That's the entire migration. Search-replace cacheDiscountUSD → cacheSavingsUSD in your consumer code and you're done. Reason for the rename: "discount" framed the field as a price reduction; "savings" frames it as recoverable spend, which is the semantic OpenInference and Langfuse both standardize on.

Not breaking:

The new CacheControl interface is additive.
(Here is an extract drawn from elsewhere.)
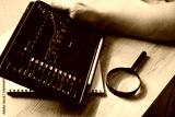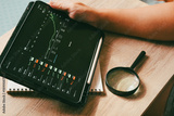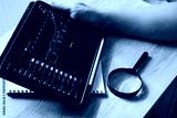 Close up of businessman holding tablet with stock market charts, analyzing financial data with magnifying glass on wooden desk.

Existing calls that don't pass cacheControl continue to behave exactly as before.
providerExtras injection of Anthropic cache_control continues to work as an escape hatch.
TokenUsage.cacheReadTokens is unchanged.
ModelPricing.cacheReadPer1M is unchanged.

The typed-error taxonomy from alpha.18 (which was the first big alpha-line breaking change) is unchanged here — that contract is now stable through beta.0.

How to prepare for alpha.19

1. Pin to alpha.18 until you migrate. If your code reads cacheDiscountUSD anywhere, pin @llm-ports/core@0.1.0-alpha.18 explicitly until you've planned the field-name update. The npm @alpha dist-tag will move to alpha.19 on ship day.

2. Grep your codebase.

rg 'cacheDiscountUSD' --type ts
rg 'cacheDiscountUSD' --type js

If you find hits, they all need to become cacheSavingsUSD. Most consumers won't have any — the field was introduced in alpha.13 and is read mostly by observability wrappers.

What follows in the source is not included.